In March 2002, a 25-member engineer team of Nissan Technical Centre in Japan assembled to discuss a project of the successor model to its vehicle Almera, which proved to be a failure on European markets. On December 13, 2002, the team met again to show the results of an 8 month-long development process. The result was a compact MPV car that was meant to compete with Volkswagen Golf Plus and SEAT Altea. However, it was calculated that this car would also be a failure for Nissan. As a result, the development of Almera's successor ceased in 2003.

It was decided to come up with a completely different concept: a car with the swiftness, practicality and versatility of an SUV, but with the size, dynamics and expense of a compact family hatchback. At the time, the newly established crossover SUV's were still very different from small hatchbacks and saloons, so this concept was a breakthrough. Designers described the future car as a "mini-Murano", referring to the larger Murano, which was recently released in the United States and Canada. The Qashqai development was part of Nissan's new marketing strategy in Europe: not to produce cars in existing segments, but to create new, more unique cars for new market niches. Prior to the Qashqai, this strategy had been demonstrated by the Note model, a mini MPV which entered the European markets in 2006.

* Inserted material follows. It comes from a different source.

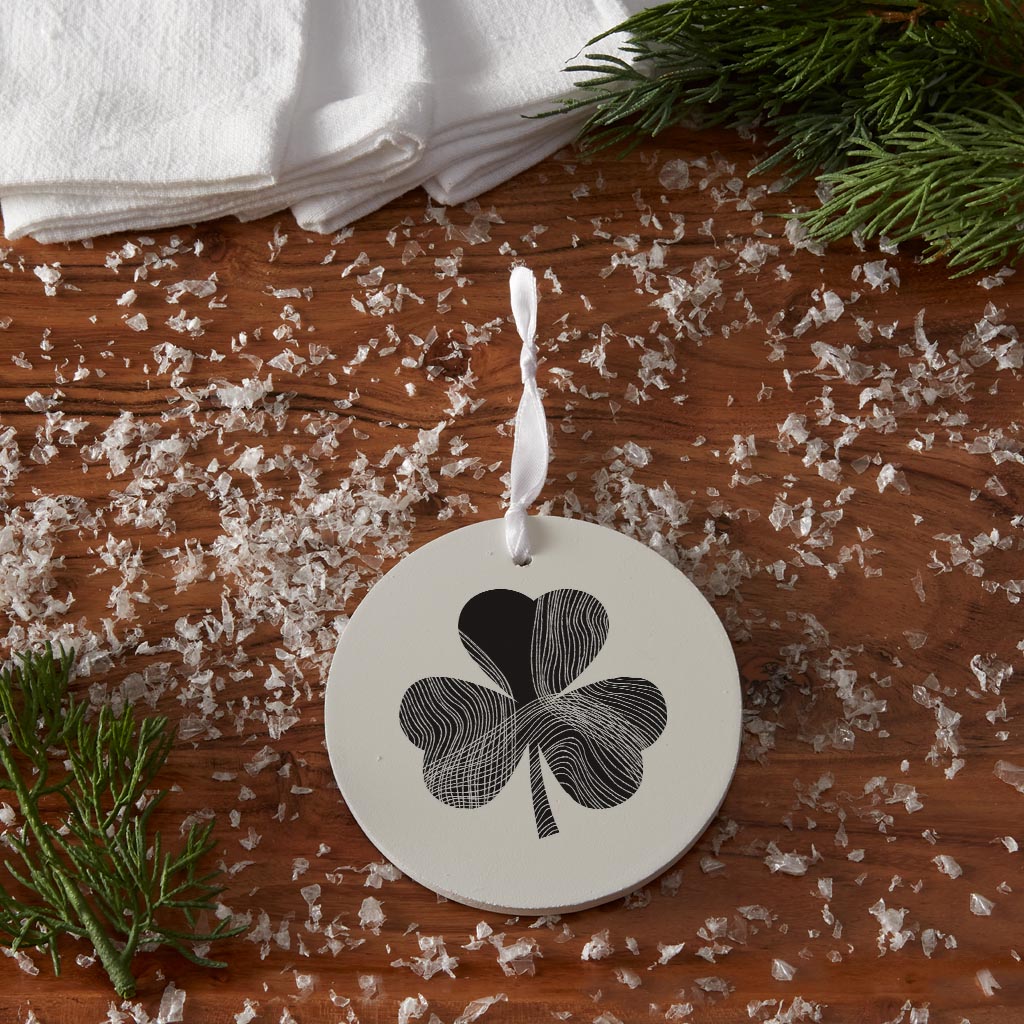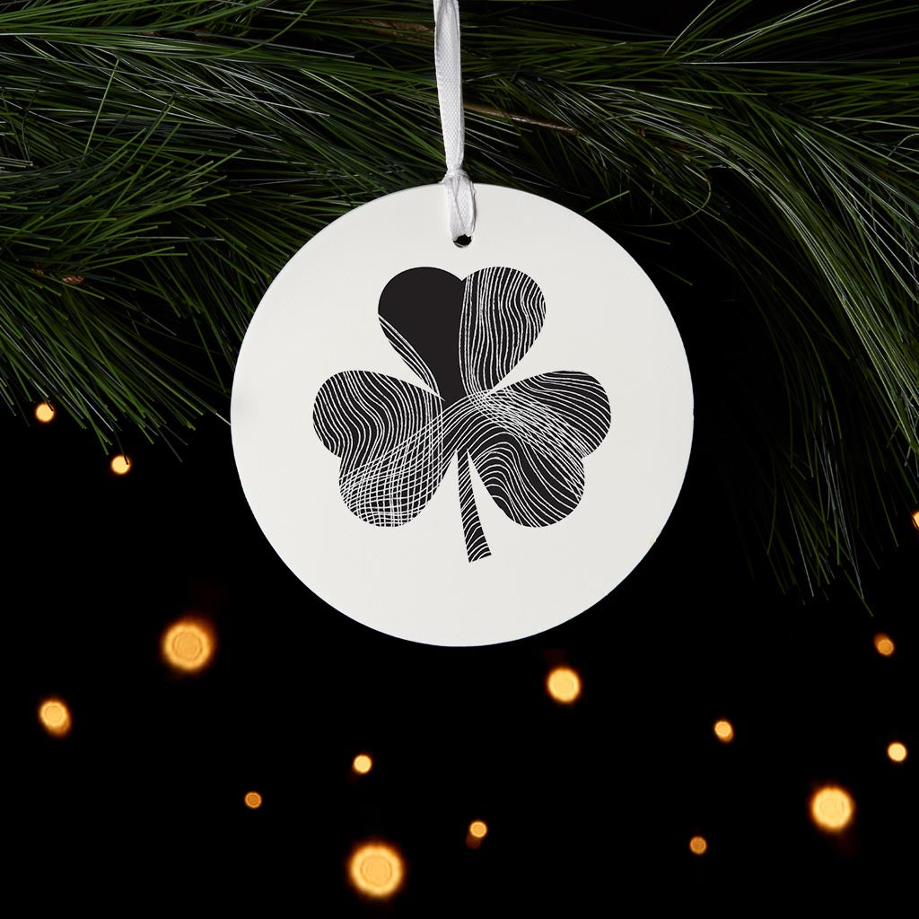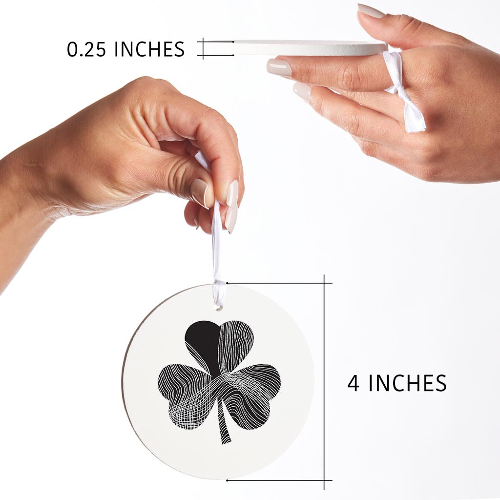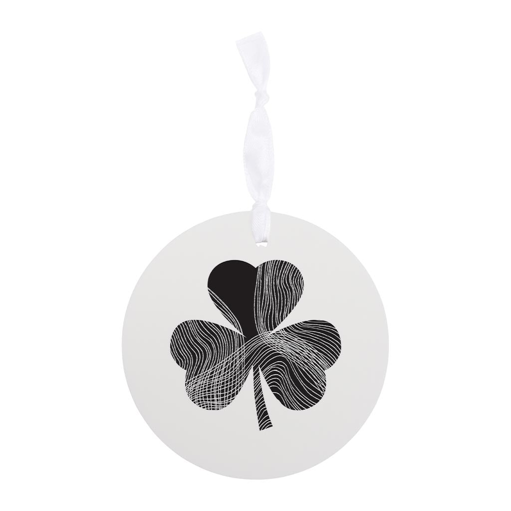 Minimalistic B&W Shamrock Shape Fluid Lines | Wood Ornament | Eaches | Min 6

The development of the model continued, initially in Japan. The development mule of the future car was being tested at the Nissan Technical Centre Europe. At the same time, the product planning department was busy considering feedback and opinions from potential SUV and hatchback buyers in order to add new improvements to the new model. The concept of the model was formalized in two words: "urban nomad". The Qashqai was designed by a team from Nissan Design Centre Europe, based in London since January 2003. According to Matt Weaver, then senior designer at the London studio, the concept for the future car was partly inspired by graffiti that the team found during the first visit to their future office, then an abandoned building. The head of the design team was Stefan Schwarz.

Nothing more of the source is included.